Before you return the lines below, strip out any images and keep every word as written.

| MATERIAL PROVIDED |
:::::

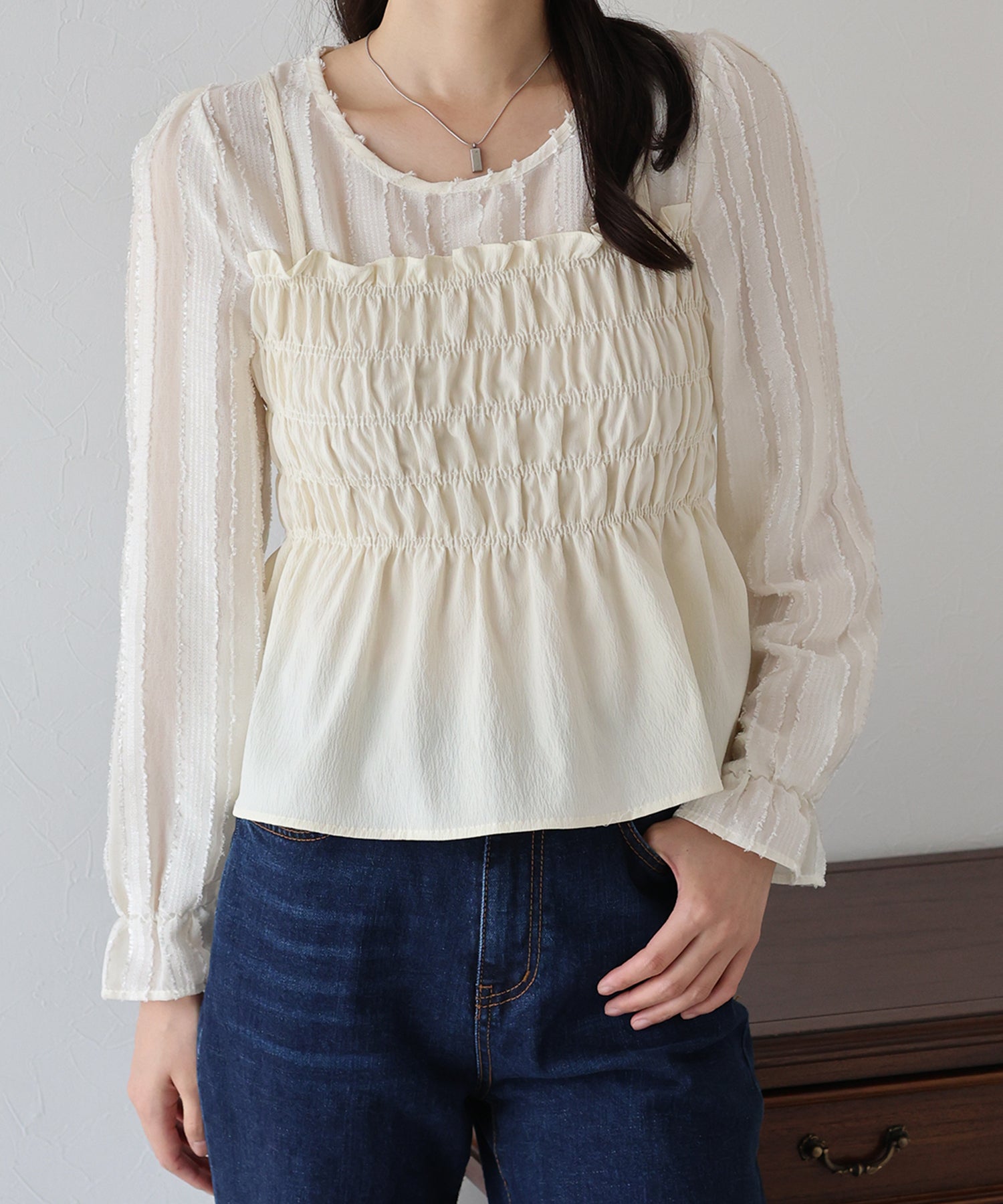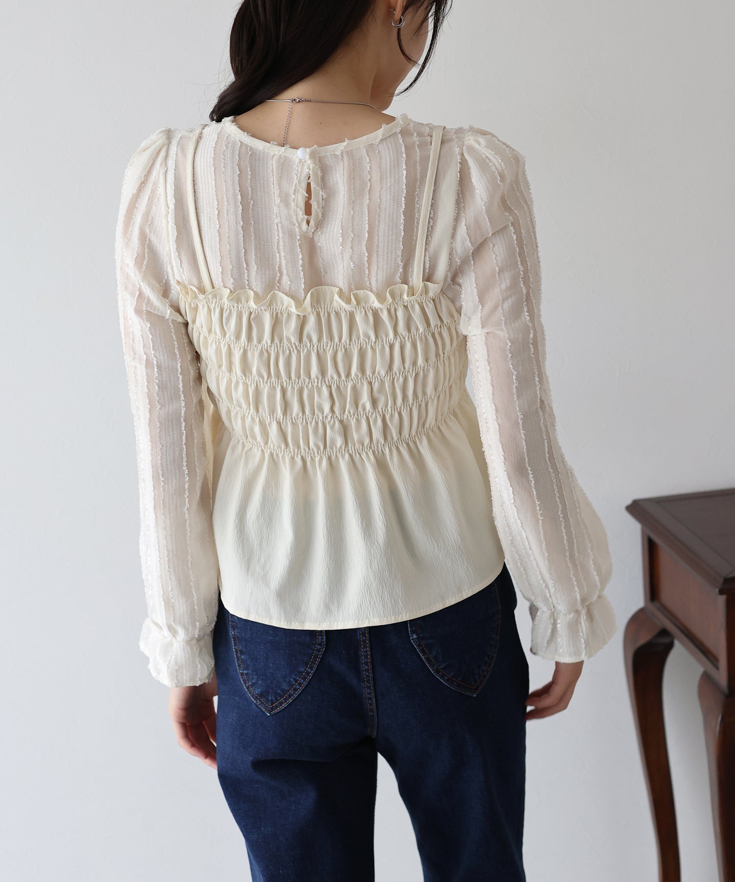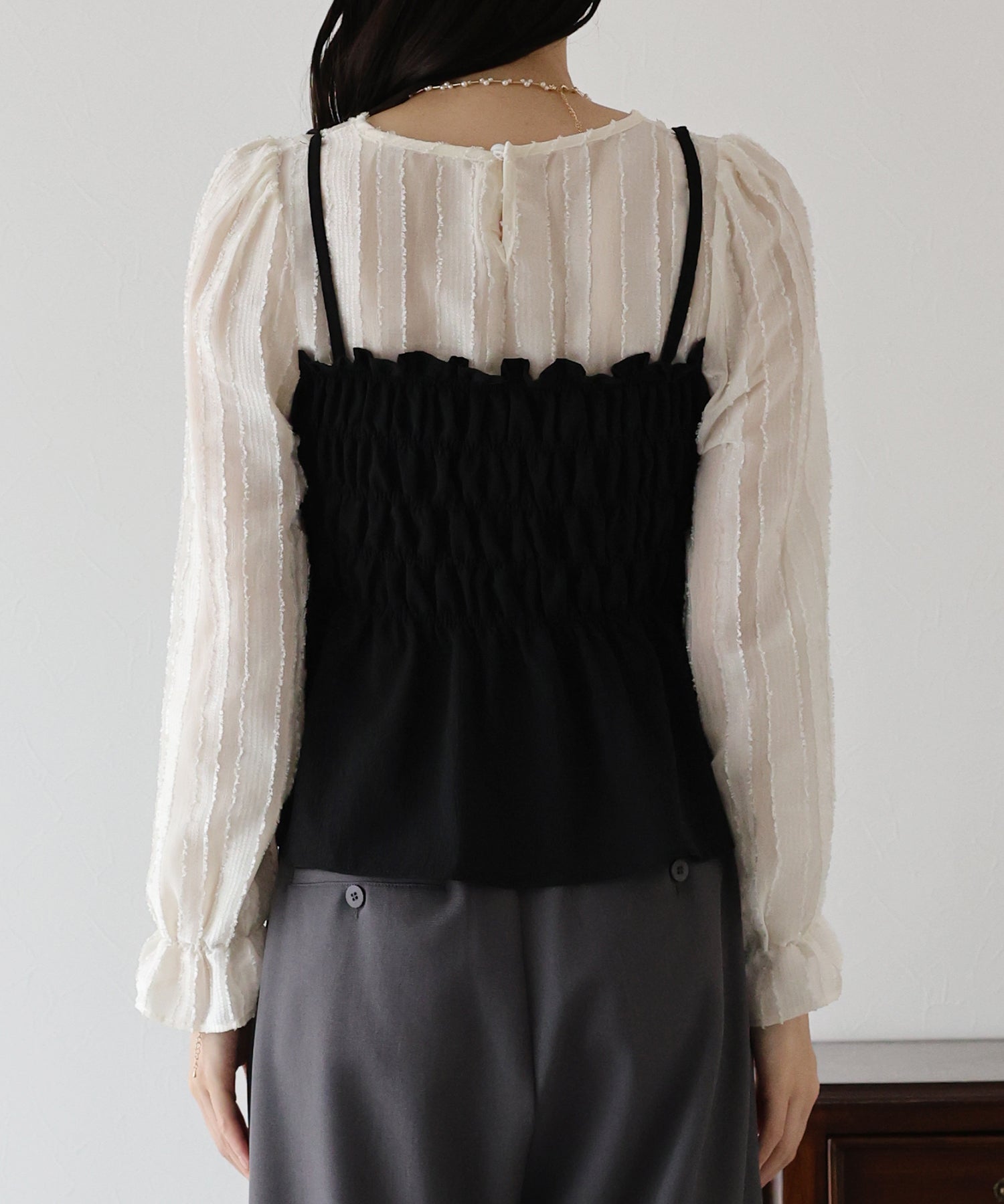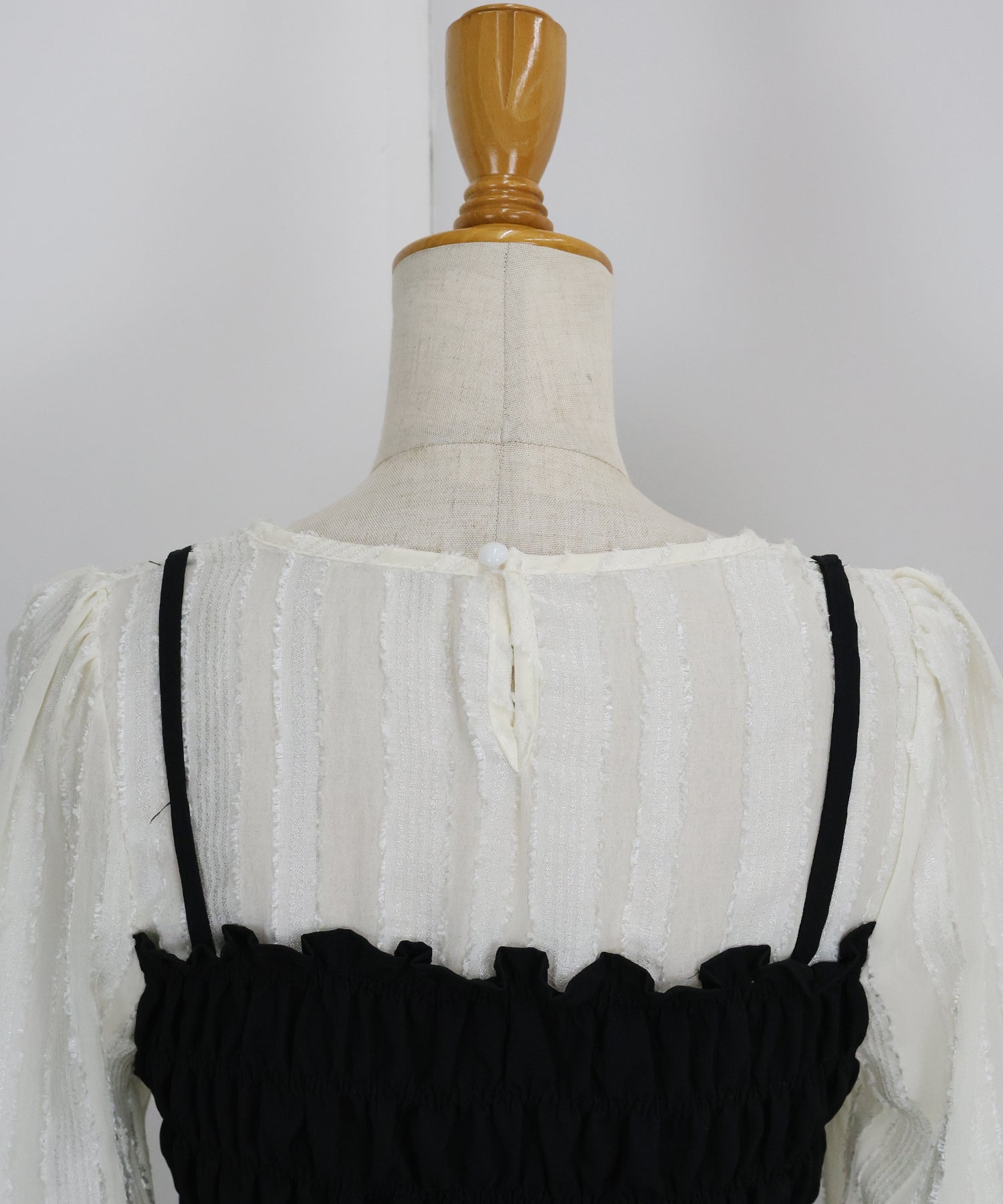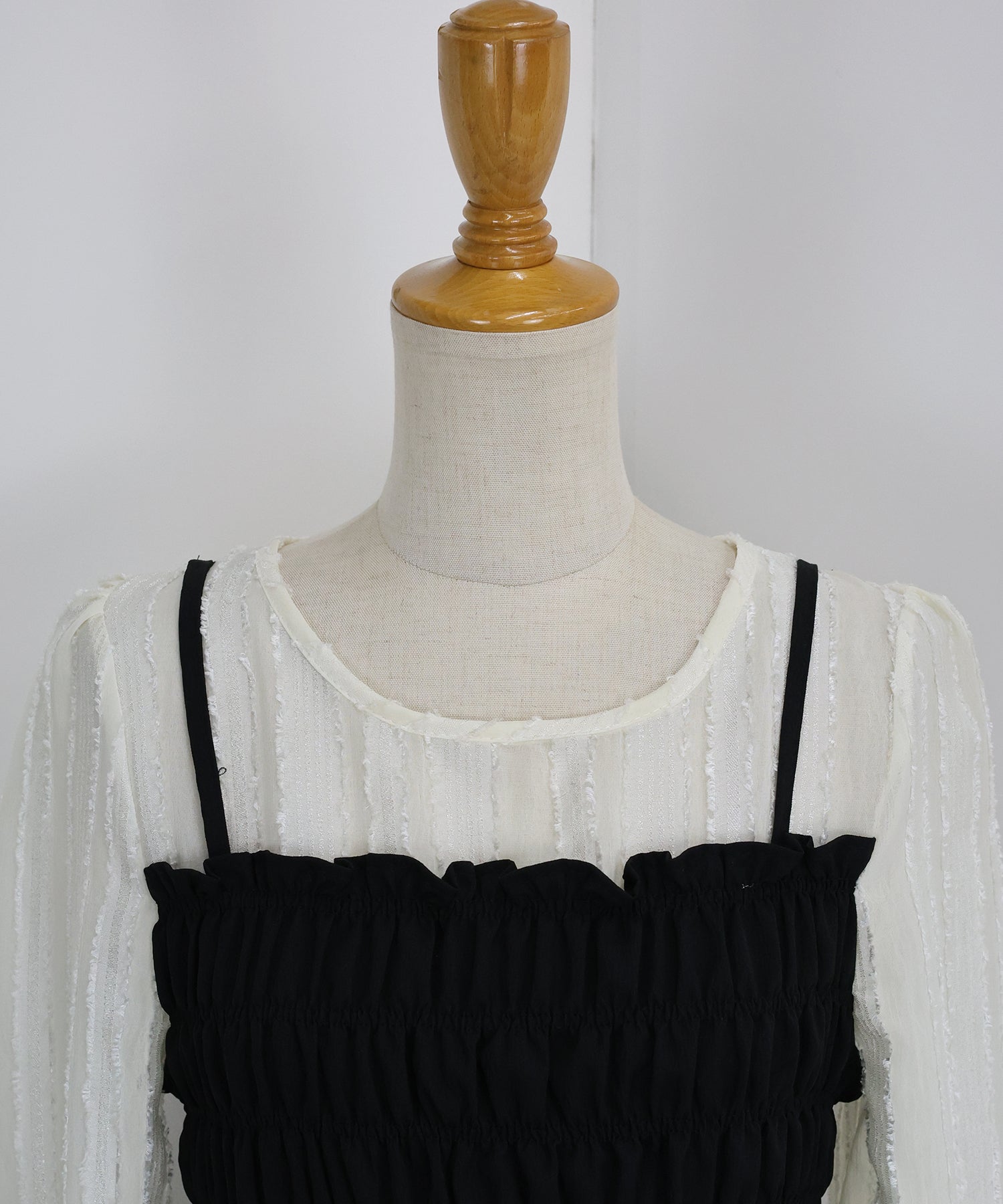 ストライプフリンジ×シャーリングビスチェがお洒落なドッキングブラウス
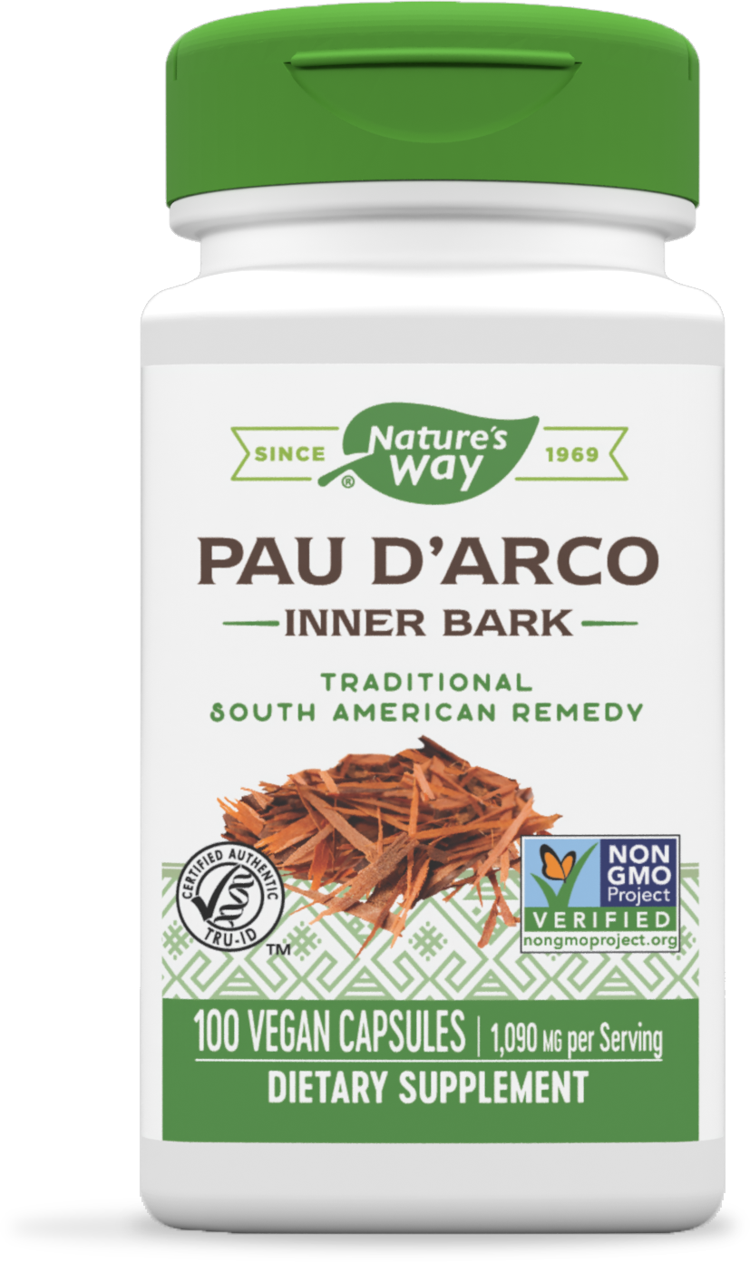 Pau d’arco comes from the bark of trees grown in South American rainforests. Its name is translated to “bow tree” from Portuguese, as the trees have been used to make bows and arrows. Its bark has been used throughout history, including being boiled down into tea. We source Nature’s Way Pau d’Arco where it grows best and use three levels of testing methods to make sure it meets our high-quality standards.
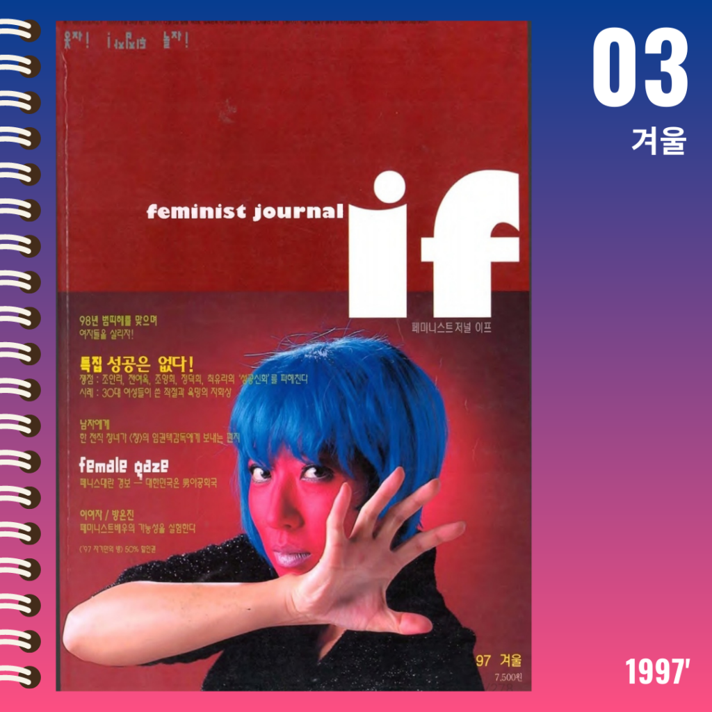 if이프는 1997년에 창간, 2006년에 완간한 대한민국 최초 페미니스트 저널 계간지로 총 36권이 발행되었습니다.

:::::

| EXERCISE RESPONSE |
 ストライプフリンジ×シャーリングビスチェがお洒落なドッキングブラウス
 Pau d’arco comes from the bark of trees grown in South American rainforests. Its name is translated to “bow tree” from Portuguese, as the trees have been used to make bows and arrows. Its bark has been used throughout history, including being boiled down into tea. We source Nature’s Way Pau d’Arco where it grows best and use three levels of testing methods to make sure it meets our high-quality standards.
 if이프는 1997년에 창간, 2006년에 완간한 대한민국 최초 페미니스트 저널 계간지로 총 36권이 발행되었습니다.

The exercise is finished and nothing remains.